When James G. Boswell became an adult, he was given 50,000 acres of cotton fields in California’s San Joaquin Valley. He lived until he turned 86, and turned the 50,000 acres into 200,000. His obituary ran in the NY Times on Friday, but he wouldn’t have cared much, say his biographers.

The owner of JG Boswell Company told two men who wrote a book about him to go away. “You don’t seem to understand, he said. It won’t bother me in the least if I die and this story never told.” But he had a big life, starting out working for that generous uncle, and buying up 60,000 acres in the outback of Australia to grow cotton. In Arizona, when the land he bought there no longer yielded cotton, he sold it to Del Webb development company and they built the retirement haven called Sun City.

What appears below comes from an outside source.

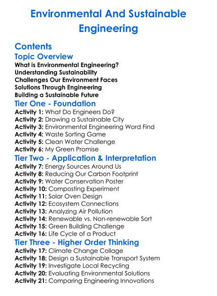 Environmental And Sustainable Engineering Worksheet Activity Booklet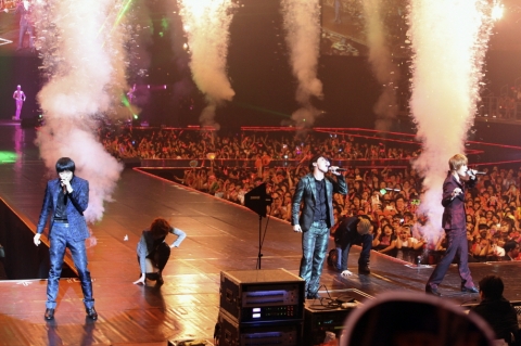 JYJ(ÀçÁß, À¯Ãµ, Áؼö)ÀÇ ¿ùµåÅõ¾î ÄܼƮ ¡®JYJ World Tour Concert 2011¡¯°¡ ÆËÀÇ º»°íÀåÀÎ ¹ÌÁÖ ´ë·úÀ¸·Î ¹«´ë¸¦ ¿Å±ä´Ù.

He changed the landscape, the obit read, and not always for the better. Tulare Lake was once four times as big as Tahoe, and fed by four rivers. Boswell and other farmers engineered dams and diversions and eventually the lakebed became more cotton fields. The JG Boswell company sells cotton to mills all over the world, and grossed $150 million last year.

He had five grandchildren, golfed with Arnold Palmer, and was on the boards of many big companies, but he didn’t like to talk about himself. I read this obit again and again, wondering what JG Boswell liked to do, and what busied him in the years since he retired in 1984.